Data:
- - - -

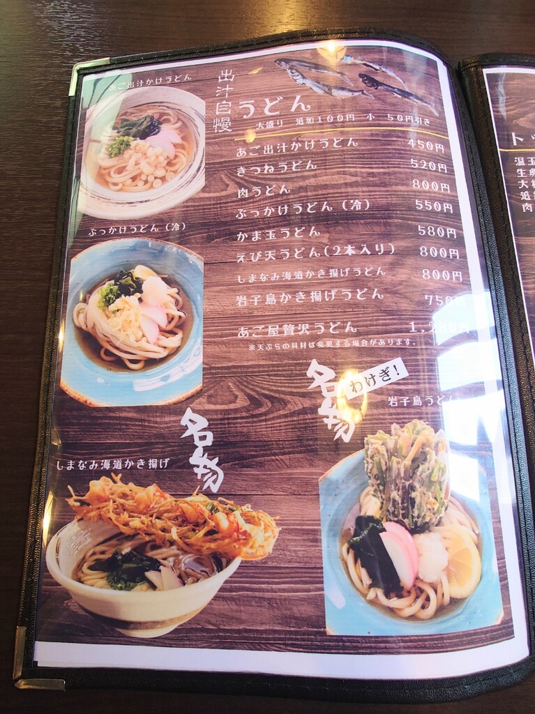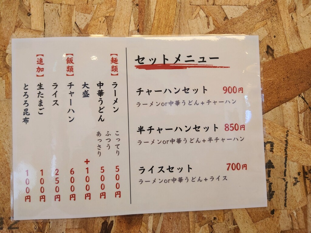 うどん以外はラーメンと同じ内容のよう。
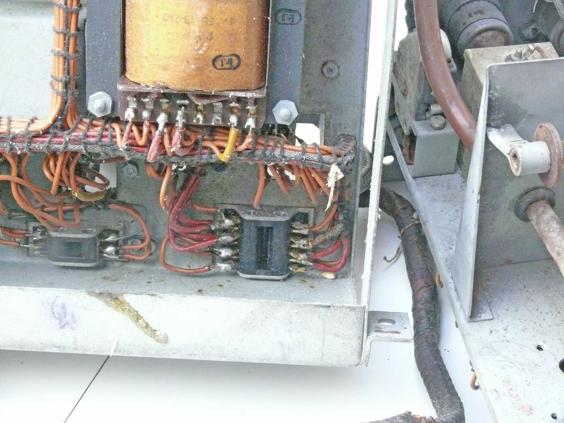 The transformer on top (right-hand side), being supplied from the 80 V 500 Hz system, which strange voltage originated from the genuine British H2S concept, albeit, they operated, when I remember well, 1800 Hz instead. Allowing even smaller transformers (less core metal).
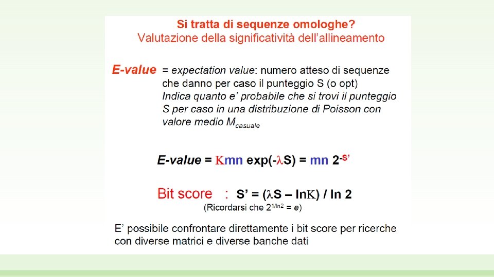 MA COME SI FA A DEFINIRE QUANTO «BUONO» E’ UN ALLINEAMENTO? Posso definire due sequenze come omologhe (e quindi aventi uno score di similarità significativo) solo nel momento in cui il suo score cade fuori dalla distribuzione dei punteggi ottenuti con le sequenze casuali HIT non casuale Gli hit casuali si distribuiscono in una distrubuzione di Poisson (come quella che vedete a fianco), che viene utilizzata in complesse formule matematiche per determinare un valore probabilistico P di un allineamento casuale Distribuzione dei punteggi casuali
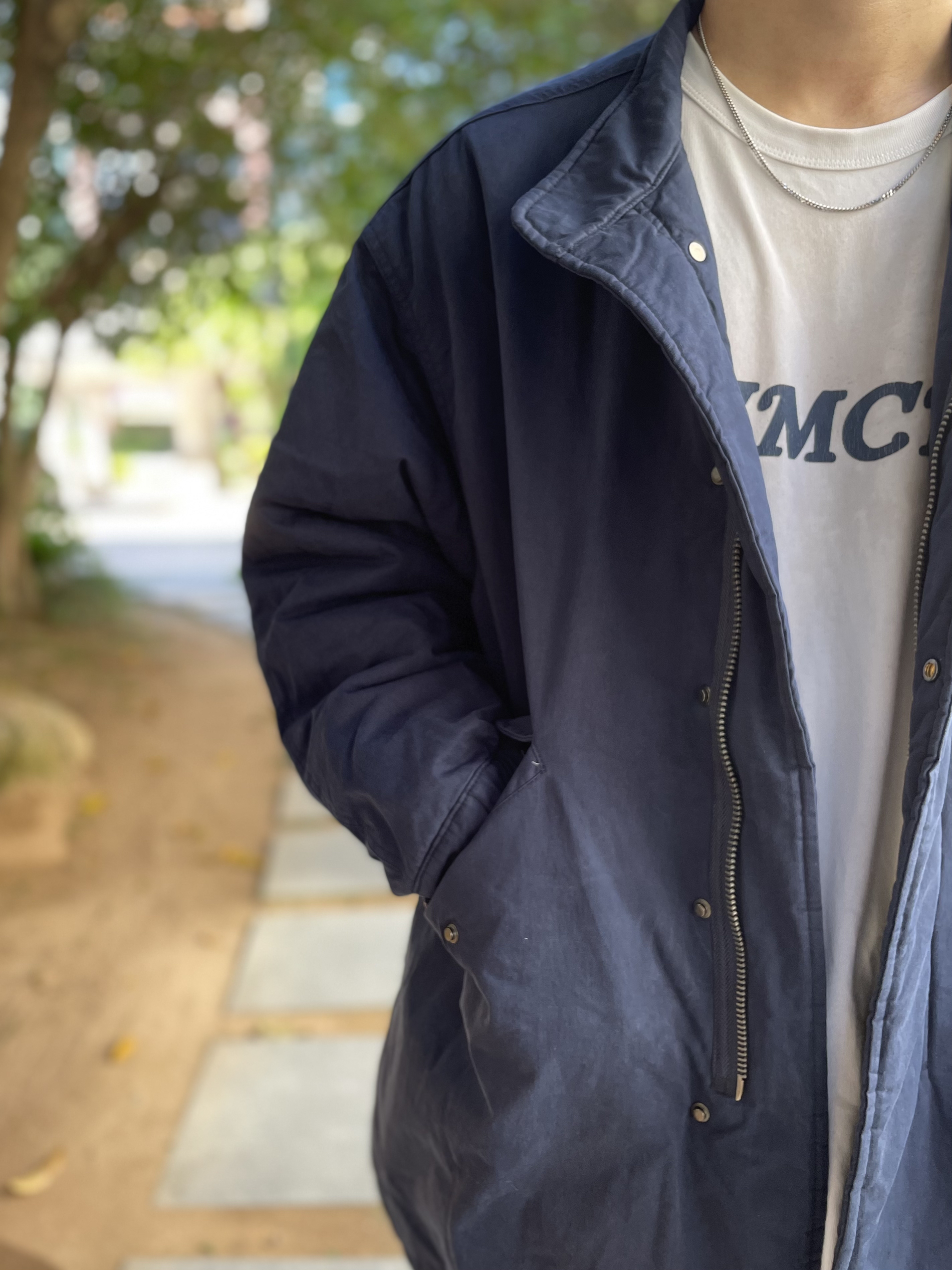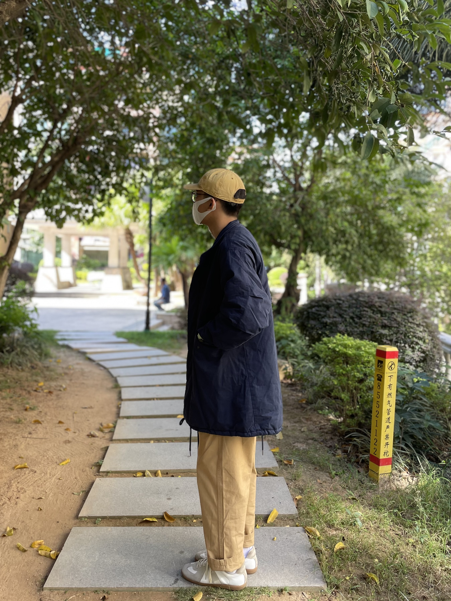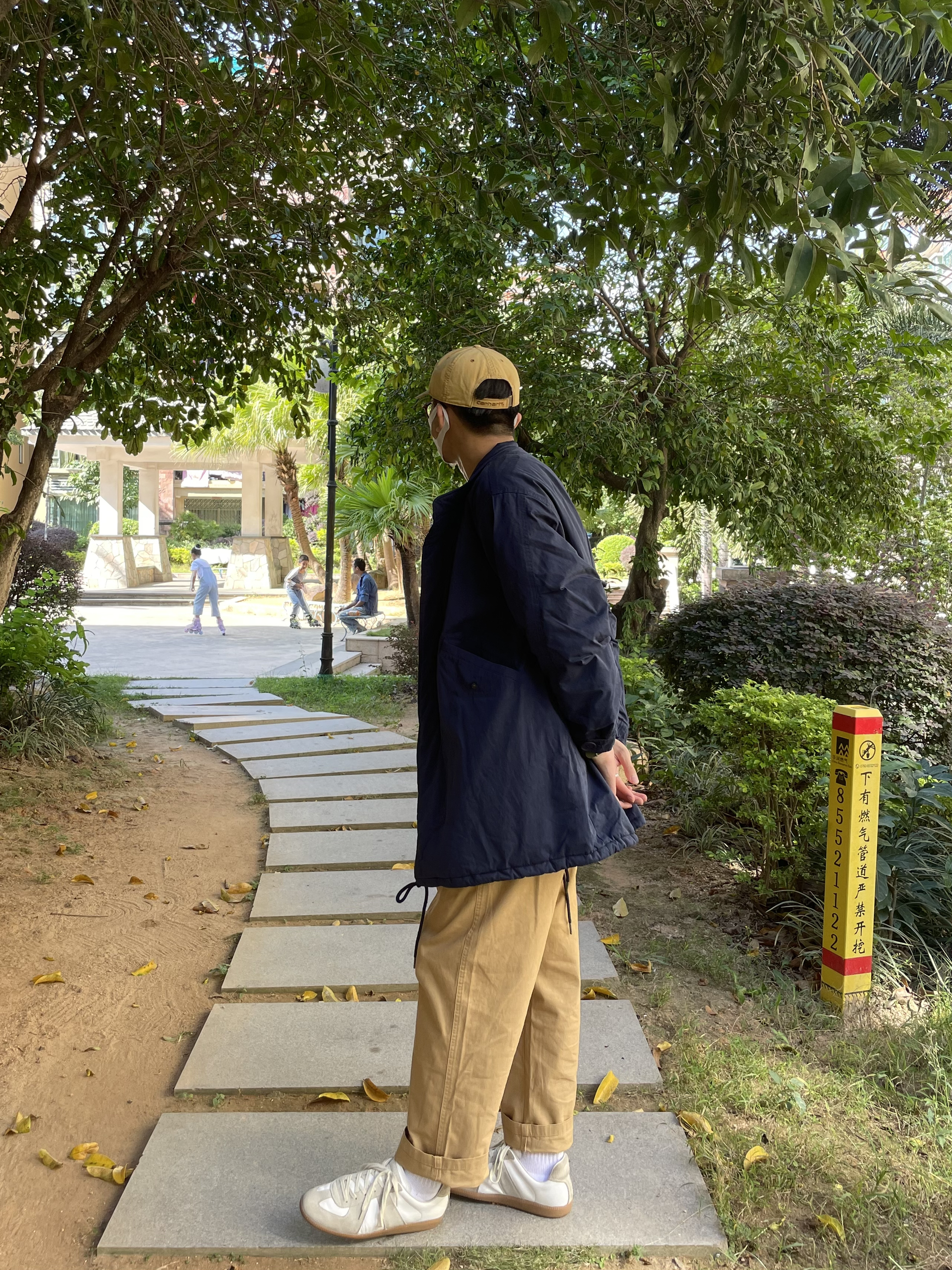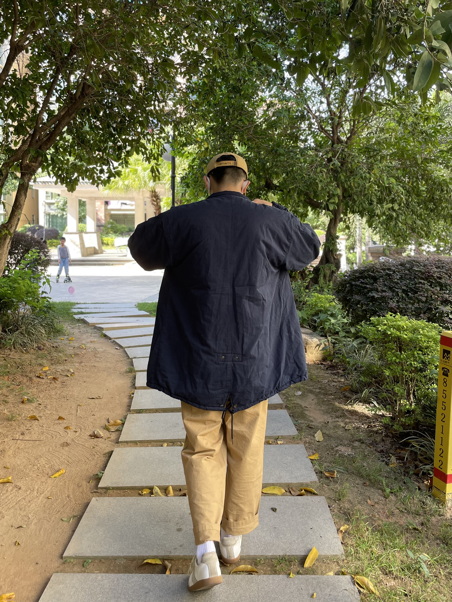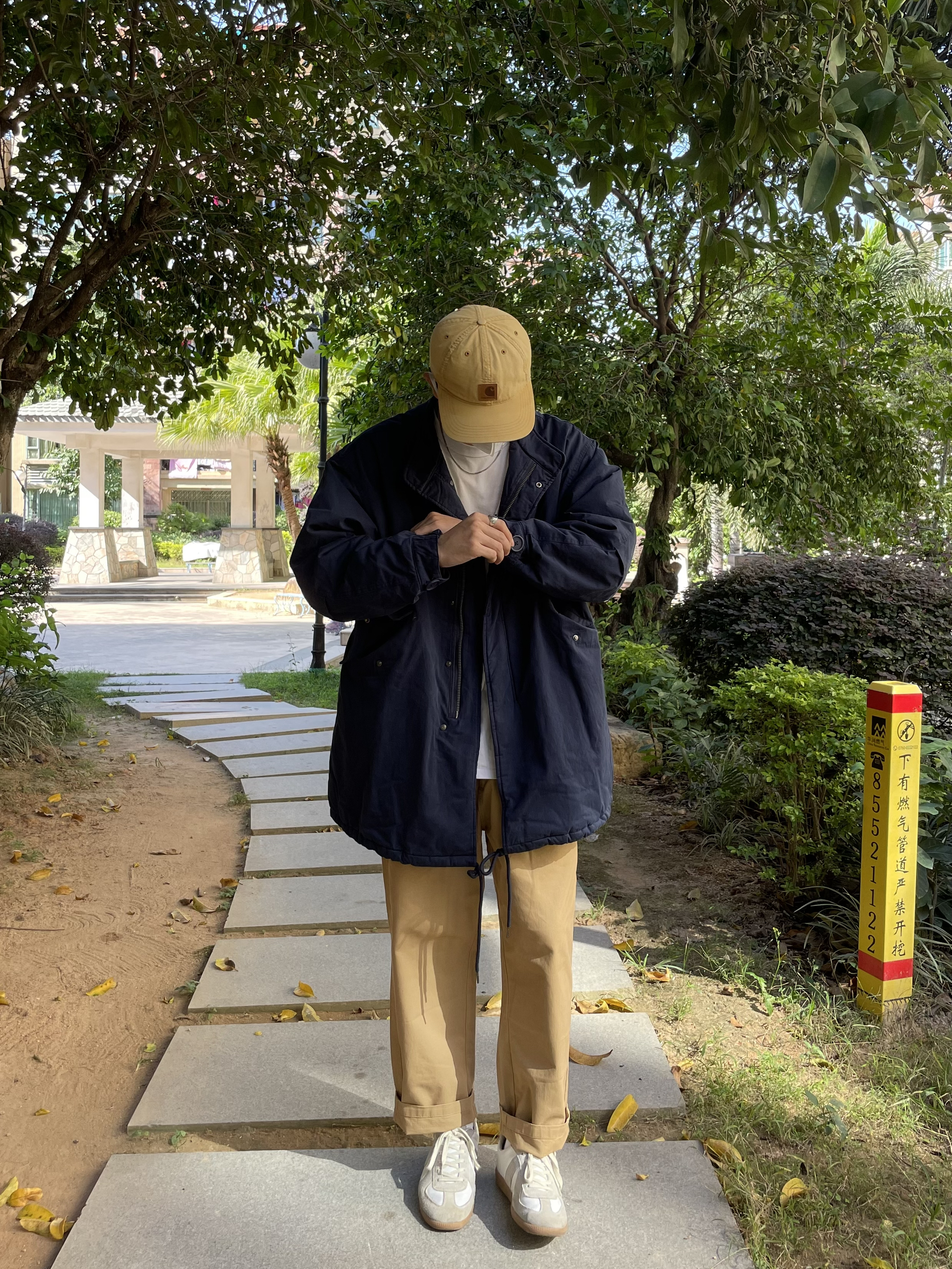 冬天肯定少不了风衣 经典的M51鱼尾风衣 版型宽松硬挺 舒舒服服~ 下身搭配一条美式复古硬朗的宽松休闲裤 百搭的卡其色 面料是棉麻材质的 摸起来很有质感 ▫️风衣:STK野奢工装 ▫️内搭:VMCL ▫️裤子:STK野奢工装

- - - -

Task details:
Return every line above exactly, omitting images.

Exercise response:
 うどん以外はラーメンと同じ内容のよう。
 The transformer on top (right-hand side), being supplied from the 80 V 500 Hz system, which strange voltage originated from the genuine British H2S concept, albeit, they operated, when I remember well, 1800 Hz instead. Allowing even smaller transformers (less core metal).
 MA COME SI FA A DEFINIRE QUANTO «BUONO» E’ UN ALLINEAMENTO? Posso definire due sequenze come omologhe (e quindi aventi uno score di similarità significativo) solo nel momento in cui il suo score cade fuori dalla distribuzione dei punteggi ottenuti con le sequenze casuali HIT non casuale Gli hit casuali si distribuiscono in una distrubuzione di Poisson (come quella che vedete a fianco), che viene utilizzata in complesse formule matematiche per determinare un valore probabilistico P di un allineamento casuale Distribuzione dei punteggi casuali
 冬天肯定少不了风衣 经典的M51鱼尾风衣 版型宽松硬挺 舒舒服服~ 下身搭配一条美式复古硬朗的宽松休闲裤 百搭的卡其色 面料是棉麻材质的 摸起来很有质感 ▫️风衣:STK野奢工装 ▫️内搭:VMCL ▫️裤子:STK野奢工装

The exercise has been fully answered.